- **Problem to solve**: Repeat the data in full. Drop every picture.

- **The data**:
****************************************

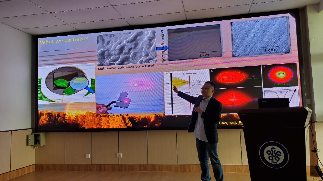 报告中,曹教授结合多年来的自身经历及科研实践,深入浅出的介绍了从XPS(X射线光电子能谱分析)、同步辐射X光源、第一性原理、超原子属性、空气电池等学术前沿基础概念,到0维团簇、纳米颗粒、新一代储能电极材料和新型仿生光学材料等研究领域的最新成果。在新型仿生光学材料研究介绍中,曹教授团队从生活中常见的绿色植物叶子表面比较粗糙受到启发,通过研究发现叶子表面微观结构的不同会直接影响叶子吸收光的能力,通过研究其中的物理原理,并使用第一性原理模拟并设计出具有最佳减反效果的微结构表面形态。其团队把此理念应用到太阳能电池板上,对其表面进行改造,大大提高了太阳能电池的发电效率,该成果能够被众多发展中国家充分利用从而为亟待解决的清洁能源问题提供高效可行的方案。曹教授的报告让在场师生深刻体会到了日常生活中常见的现象与科学研究的紧密联系,令人印象深刻,引起场下科研工作者的共鸣。最后曹教授详细回答了同学们提出关于硫化钼如何与另外一个电极紧密接触的微观原理等问题,给从事相关领域的研究人员提供了新思路。
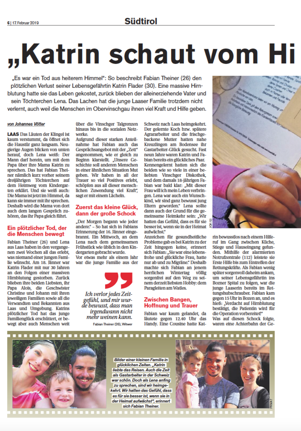 Ein besonderer Dank gilt dem Rettungsteam sowie der Abteilung Anästhesie und Intensivmedizin des Krankenhauses von Bozen für die fürsorgliche Betreuung.
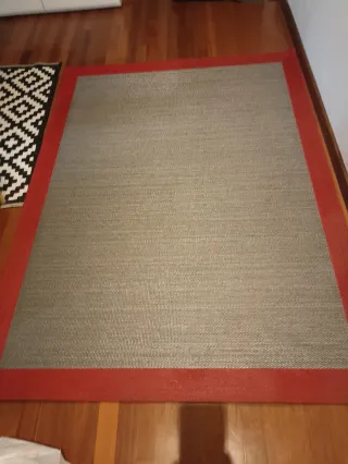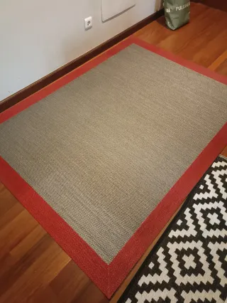 Alfombra vinílica con un diseño moderno y elegante. - Borde de color rojo. - Textura tejida. Medidas 1,50x2metros
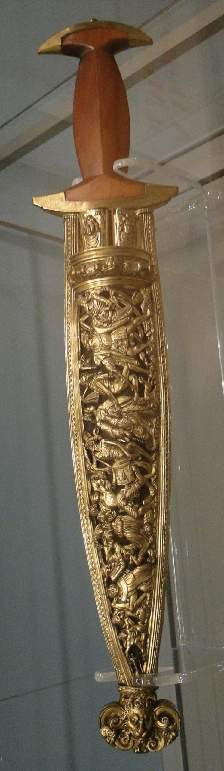 See a plain wooden hilted version of Holbein’s original dagger in photo 8 in the gallery in the Wallace Collection in London.

****************************************

- **Response to this task**:
 报告中,曹教授结合多年来的自身经历及科研实践,深入浅出的介绍了从XPS(X射线光电子能谱分析)、同步辐射X光源、第一性原理、超原子属性、空气电池等学术前沿基础概念,到0维团簇、纳米颗粒、新一代储能电极材料和新型仿生光学材料等研究领域的最新成果。在新型仿生光学材料研究介绍中,曹教授团队从生活中常见的绿色植物叶子表面比较粗糙受到启发,通过研究发现叶子表面微观结构的不同会直接影响叶子吸收光的能力,通过研究其中的物理原理,并使用第一性原理模拟并设计出具有最佳减反效果的微结构表面形态。其团队把此理念应用到太阳能电池板上,对其表面进行改造,大大提高了太阳能电池的发电效率,该成果能够被众多发展中国家充分利用从而为亟待解决的清洁能源问题提供高效可行的方案。曹教授的报告让在场师生深刻体会到了日常生活中常见的现象与科学研究的紧密联系,令人印象深刻,引起场下科研工作者的共鸣。最后曹教授详细回答了同学们提出关于硫化钼如何与另外一个电极紧密接触的微观原理等问题,给从事相关领域的研究人员提供了新思路。
 Ein besonderer Dank gilt dem Rettungsteam sowie der Abteilung Anästhesie und Intensivmedizin des Krankenhauses von Bozen für die fürsorgliche Betreuung.
 Alfombra vinílica con un diseño moderno y elegante. - Borde de color rojo. - Textura tejida. Medidas 1,50x2metros
 See a plain wooden hilted version of Holbein’s original dagger in photo 8 in the gallery in the Wallace Collection in London.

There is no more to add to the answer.